++++ Material for this exercise ++++
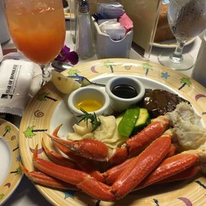 窓際席でなくとも、サンセットが綺麗に見えて、フラのショーを見ながらのディナーではカニの食べ放題にしたのですが、身も詰まっていて、とてもおいしかったです。
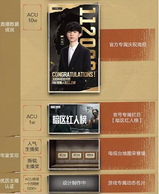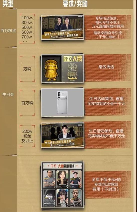 百万粉丝:根据不同的粉丝量级,主播可以获得专场活动策划、福利专场、暗区突围官号引流等。
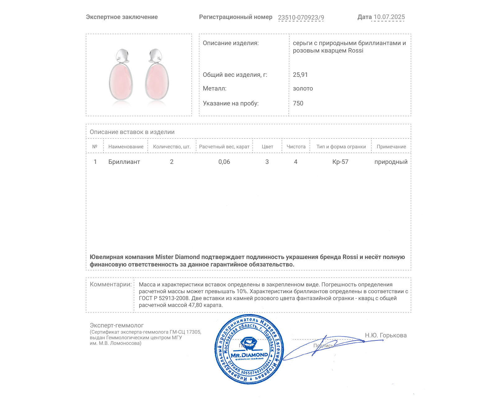 Представляем вашему вниманию оригинальные золотые серьги с розовым кварцем 47.80ct и бриллиантами 0.06ct от всемирно известного бренда Rossi.
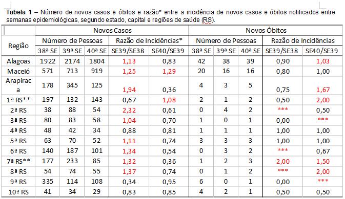 "Em termos regionais, o maior destaque desse período é a situação de Maceió que depois de um “platô” que durou cerca de cinco semanas, registrou um significativo aumento de novos casos nas últimas duas semanas, que fez com que a capital alagoana registra-se 919 novos casos na 40ª SE", detalhou o coordenador do Observatório, o pesquisador Gabriel Bádue.
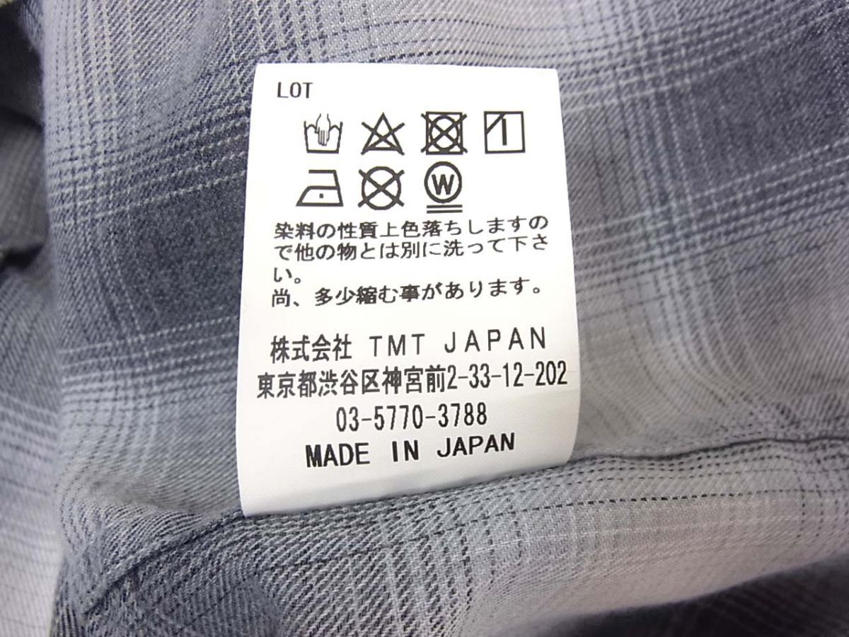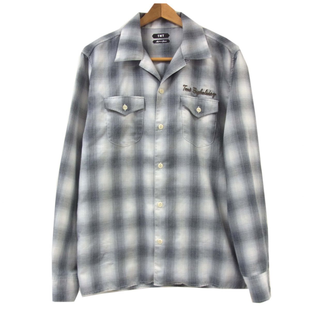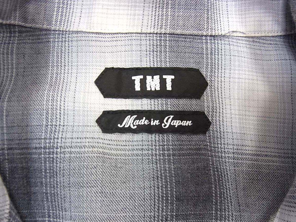 ◆TMT オンブレチェック オープンカラーシャツ 猫目ボタン 長袖 日本製 ティーエムティー メンズ 1円スタート
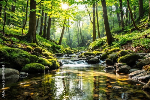 © Pixels Hunter, Obraz premium Serene forest stream with sunlight filtering through lush green leaves.
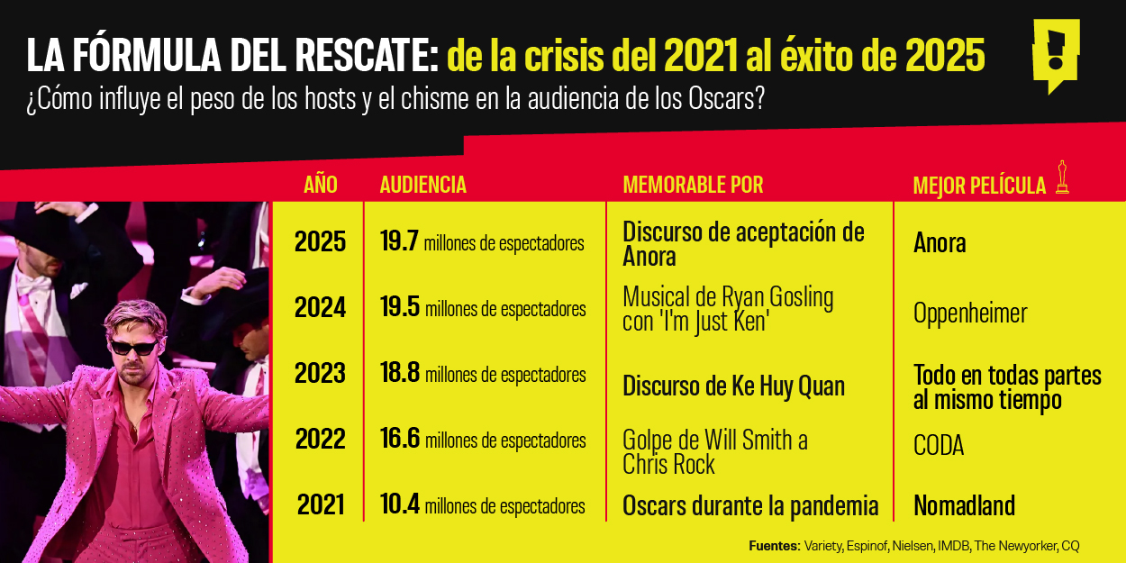 Desde su duración, su apertura, sus nominados, quién los conduce y hasta qué suceso o chisme marca la noche, estos factores han sido ingredientes clave para que esta ceremonia logre salir a flote y haya pasado de tener una de las audiencias más bajas en su historia en 2021. Ojo, también hay que tomar en cuenta que en ese momento se lidiaba con la pandemia, para retomar la cima en 2025.
++++
▶ _Your instructions_
Copy exactly, and only, the lines from the first entry through the line holding "lush green leaves.", both ends included, leaving out every picture.

▶ _Answer to this task_
 窓際席でなくとも、サンセットが綺麗に見えて、フラのショーを見ながらのディナーではカニの食べ放題にしたのですが、身も詰まっていて、とてもおいしかったです。
 百万粉丝:根据不同的粉丝量级,主播可以获得专场活动策划、福利专场、暗区突围官号引流等。
 Представляем вашему вниманию оригинальные золотые серьги с розовым кварцем 47.80ct и бриллиантами 0.06ct от всемирно известного бренда Rossi.
 "Em termos regionais, o maior destaque desse período é a situação de Maceió que depois de um “platô” que durou cerca de cinco semanas, registrou um significativo aumento de novos casos nas últimas duas semanas, que fez com que a capital alagoana registra-se 919 novos casos na 40ª SE", detalhou o coordenador do Observatório, o pesquisador Gabriel Bádue.
 ◆TMT オンブレチェック オープンカラーシャツ 猫目ボタン 長袖 日本製 ティーエムティー メンズ 1円スタート
 © Pixels Hunter, Obraz premium Serene forest stream with sunlight filtering through lush green leaves.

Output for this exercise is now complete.